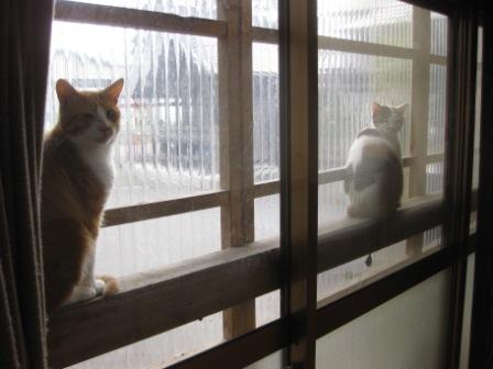 お寺の外側にはめられた雪囲いのパネルと、サッシ戸との間に空間ができて、猫たちにとって、陽が出ている時はとてもいい日向ぼっこの場所になっています。
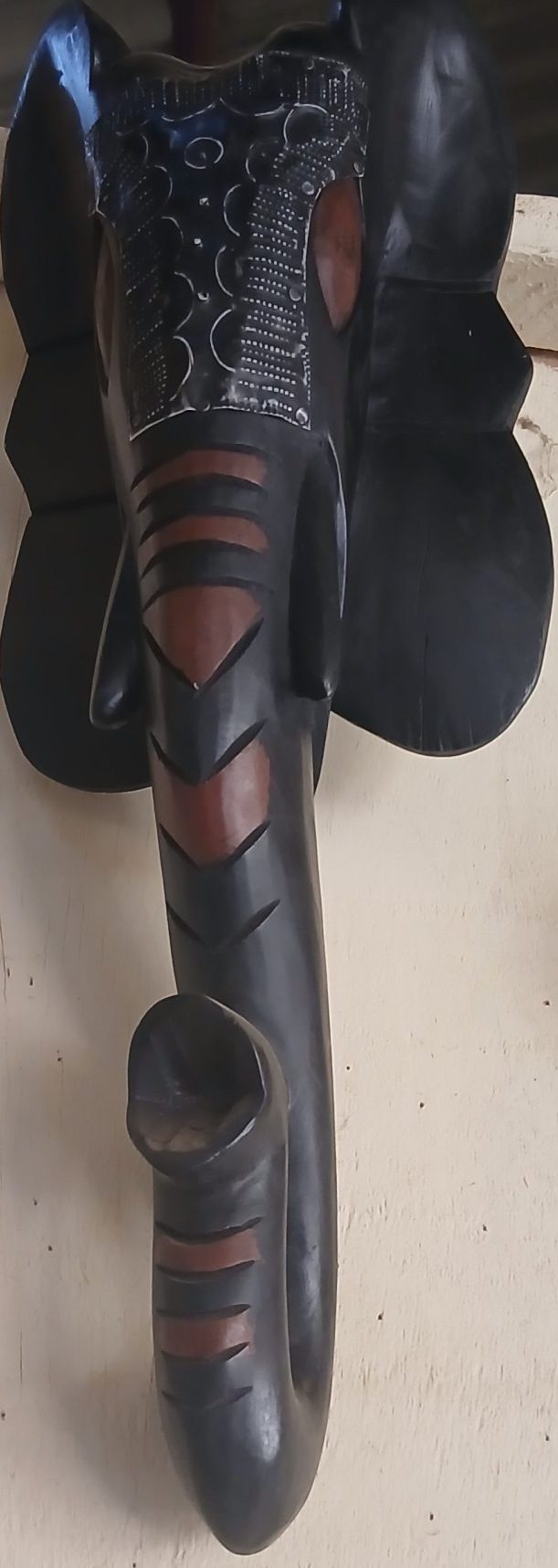 Cet objet est une sculpture en bois d’une tête d’éléphant. Il présente des couleurs sombres, principalement du noir ou du brun très foncé, avec des accents brun rougeâtre sur la trompe et les défenses, ainsi que des détails sculptés en blanc ou gris clair sur le front. La sculpture est détaillée, montrant la texture de la peau et les traits distinctifs de l’éléphant, comme ses grandes oreilles et sa longue trompe. La trompe est courbée vers le bas, se terminant par une forme qui suggère une fonction de suspension (crochet) ou de support. L’objet est conçu pour être fixé à un mur ou intégré dans un meuble, comme le suggèrent des produits similaires sur le marché. La finition semble artisanale, avec des variations de couleur et de texture .
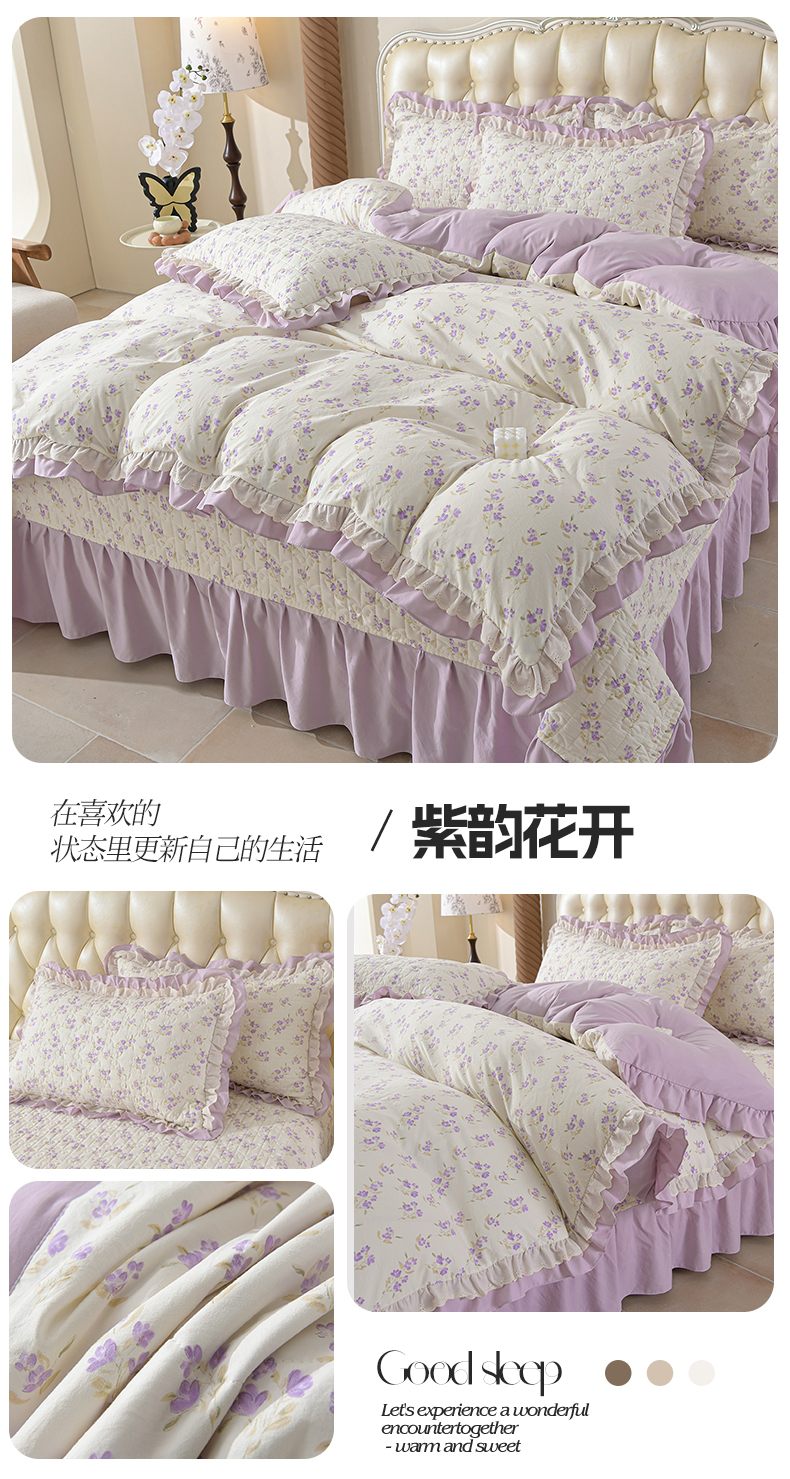 当前位置: 91家纺网 > 商品网购 > 床品套件 > 四件套 > 夏被四件套 > 金梦家居 2026新款水洗棉床盖夏被款四件套 春暖花开
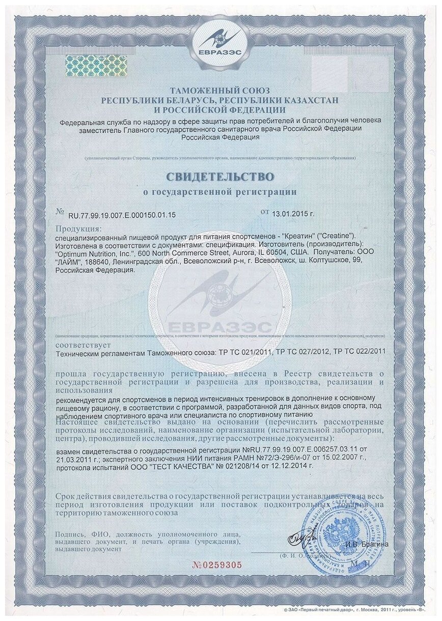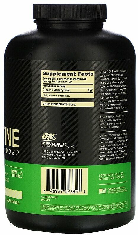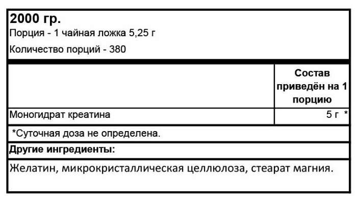 Additional Information: Recommendations for use: creatine loading phase - for the first 4-5 days, take 1 teaspoon 5 g, dissolved in 240-350 ml of water, during meals, 3-4 times a day; phase of maintaining creatine levels - take 1 teaspoon 5 g,
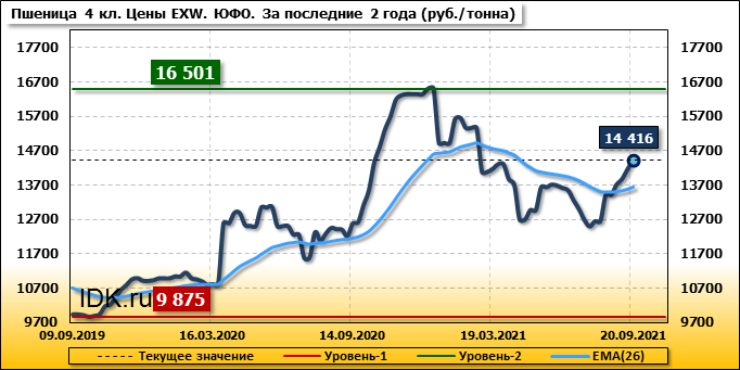 Цены на пшеницу 4-го класса поднялись на 271 руб./т. и на данный момент составляют 14416 рублей за тонну.
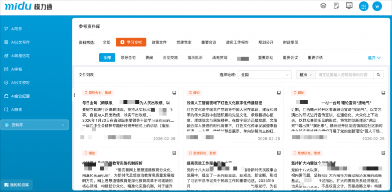 同时,模力通内置的参考资料库、写作范文库涵盖88万+条内容,覆盖政策文件、重要会议、政府工作报告、时政要闻、党建党史等核心大类,包含重要讲话、领导金句、指示批示、重要活动等专项内容。素材均源自官方平台、地方政府网站及三大央媒等权威发布渠道,支持快速检索与一键引用,契合机关事业单位的公文写作需求。
------------------------------------
What the answer must hold is the exact text of every line from the one containing "Additional Information: Recommendations" through the end of the data, minus any pictures.

Written response:
 Additional Information: Recommendations for use: creatine loading phase - for the first 4-5 days, take 1 teaspoon 5 g, dissolved in 240-350 ml of water, during meals, 3-4 times a day; phase of maintaining creatine levels - take 1 teaspoon 5 g,
 Цены на пшеницу 4-го класса поднялись на 271 руб./т. и на данный момент составляют 14416 рублей за тонну.
 同时,模力通内置的参考资料库、写作范文库涵盖88万+条内容,覆盖政策文件、重要会议、政府工作报告、时政要闻、党建党史等核心大类,包含重要讲话、领导金句、指示批示、重要活动等专项内容。素材均源自官方平台、地方政府网站及三大央媒等权威发布渠道,支持快速检索与一键引用,契合机关事业单位的公文写作需求。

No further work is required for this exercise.